Subtract 30 from both sides.

-27x^{2}-33x=-126

Subtract 30 from -96 to get -126.

\frac{-27x^{2}-33x}{-27}=-\frac{126}{-27}

Divide both sides by -27.

x^{2}+\left(-\frac{33}{-27}\right)x=-\frac{126}{-27}

Dividing by -27 undoes the multiplication by -27.

x^{2}+\frac{11}{9}x=-\frac{126}{-27}

Reduce the fraction \frac{-33}{-27} to lowest terms by extracting and canceling out 3.

x^{2}+\frac{11}{9}x=\frac{14}{3}

Reduce the fraction \frac{-126}{-27} to lowest terms by extracting and canceling out 9.

x^{2}+\frac{11}{9}x+\left(\frac{11}{18}\right)^{2}=\frac{14}{3}+\left(\frac{11}{18}\right)^{2}

Divide \frac{11}{9}, the coefficient of the x term, by 2 to get \frac{11}{18}. Then add the square of \frac{11}{18} to both sides of the equation. This step makes the left hand side of the equation a perfect square.

x^{2}+\frac{11}{9}x+\frac{121}{324}=\frac{14}{3}+\frac{121}{324}

Square \frac{11}{18} by squaring both the numerator and the denominator of the fraction.

x^{2}+\frac{11}{9}x+\frac{121}{324}=\frac{1633}{324}

Add \frac{14}{3} to \frac{121}{324} by finding a common denominator and adding the numerators. Then reduce the fraction to lowest terms if possible.

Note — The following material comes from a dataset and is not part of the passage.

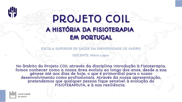 No âmbito do Projeto COIL através da disciplina Introdução à Fisioterapia, fomos conhecer como a nossa área evoluiu ao longo dos anos, desde a sua génese até aos dias de hoje, o que é primordial para o nosso desenvolvimento como profissionais. Através da nossa apresentação, pretendemos que qualquer pessoa fique sensível à evolução do FISIOTERAPEUTA, e à sua resiliência.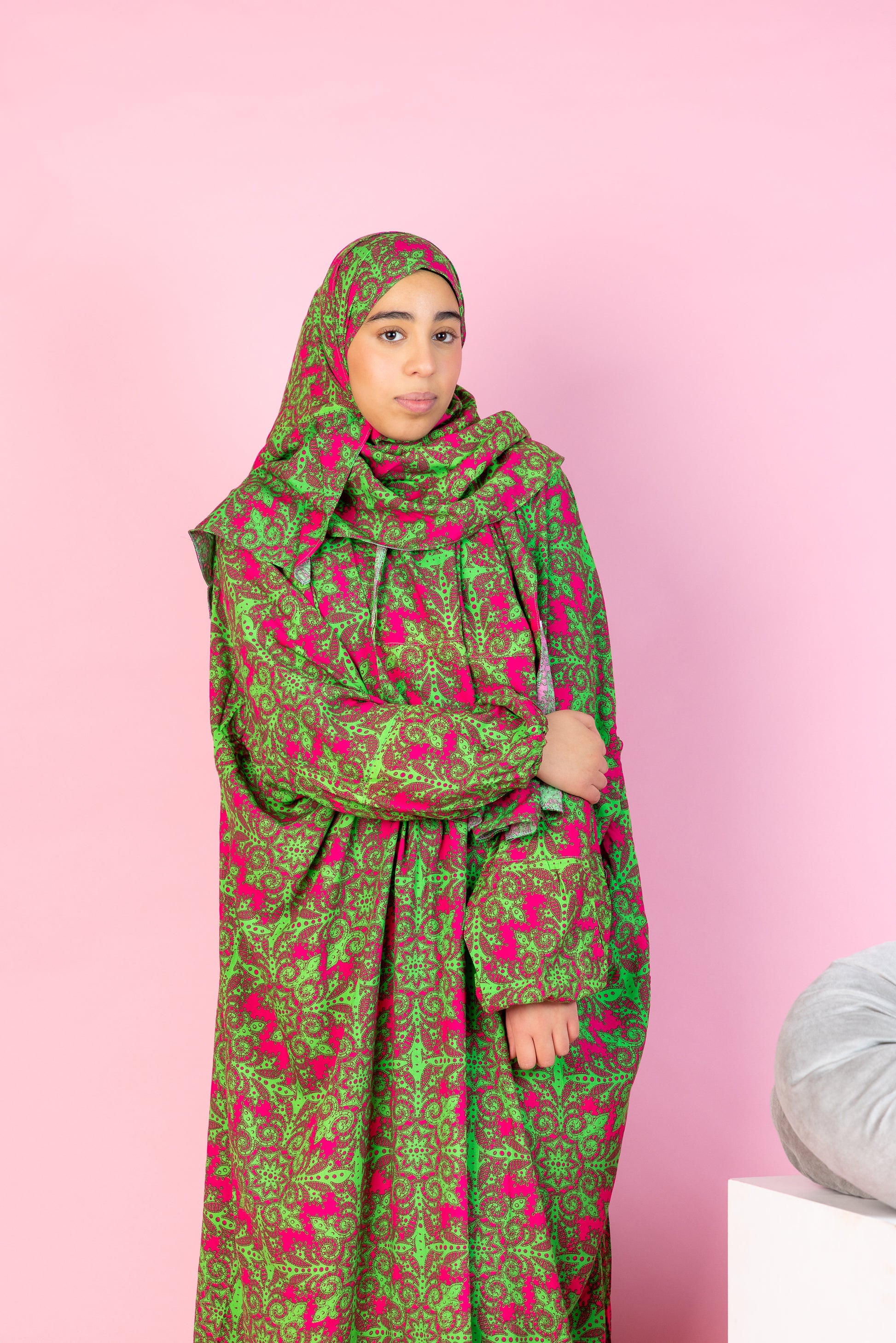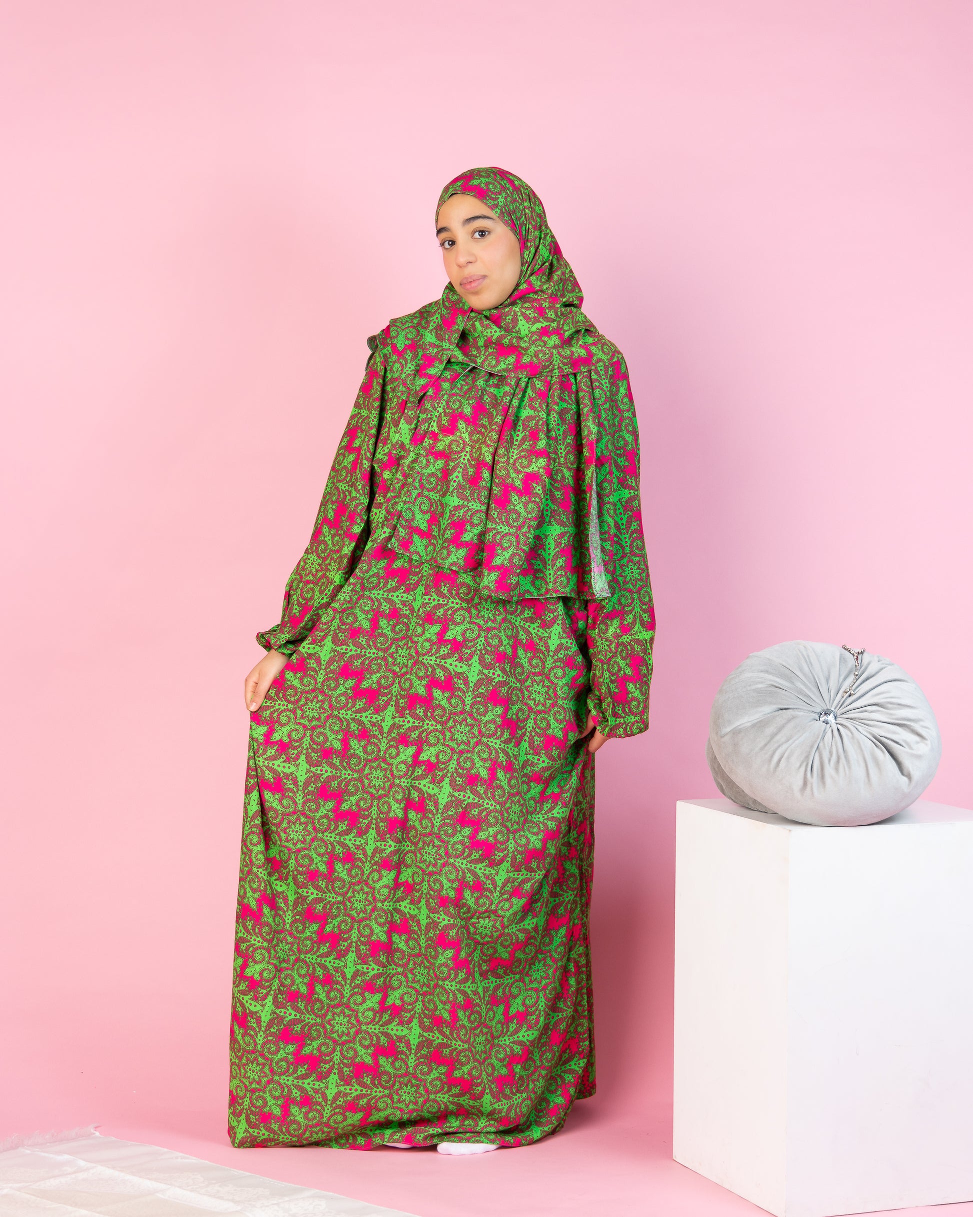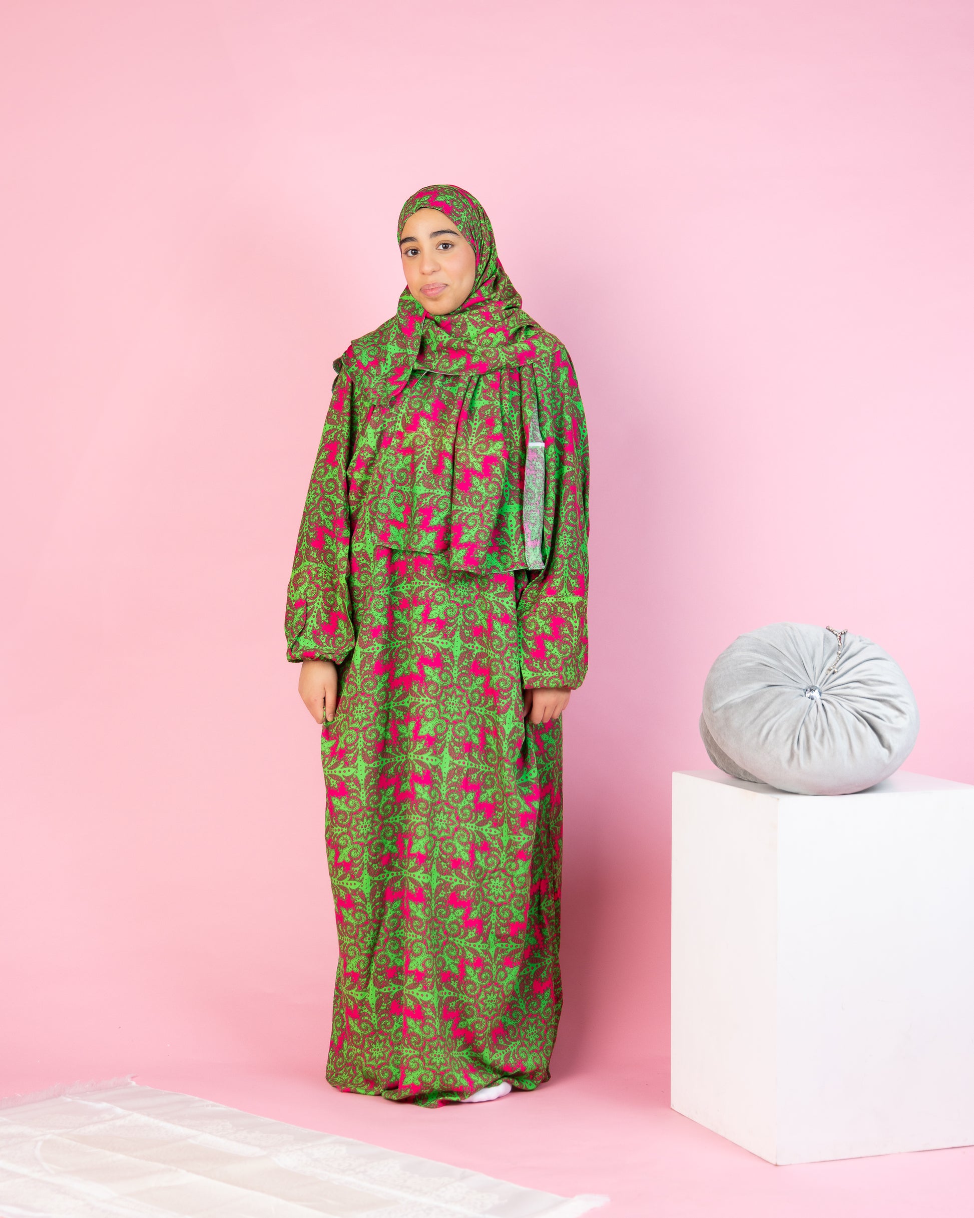 Elevate your spiritual moments with our Floral Serenity Prayer Set, designed for ultimate comfort and modest elegance. This beautifully crafted two-piece attire features a flowing full-length prayer dress and a matching hijab, made from soft, breathable fabric to ensure ease of movement and coverage during prayer.

\left(x+\frac{11}{18}\right)^{2}=\frac{1633}{324}

Factor x^{2}+\frac{11}{9}x+\frac{121}{324}. In general, when x^{2}+bx+c is a perfect square, it can always be factored as \left(x+\frac{b}{2}\right)^{2}.

\sqrt{\left(x+\frac{11}{18}\right)^{2}}=\sqrt{\frac{1633}{324}}

Take the square root of both sides of the equation.

x+\frac{11}{18}=\frac{\sqrt{1633}}{18} x+\frac{11}{18}=-\frac{\sqrt{1633}}{18}

Simplify.

x=\frac{\sqrt{1633}-11}{18} x=\frac{-\sqrt{1633}-11}{18}

Subtract \frac{11}{18} from both sides of the equation.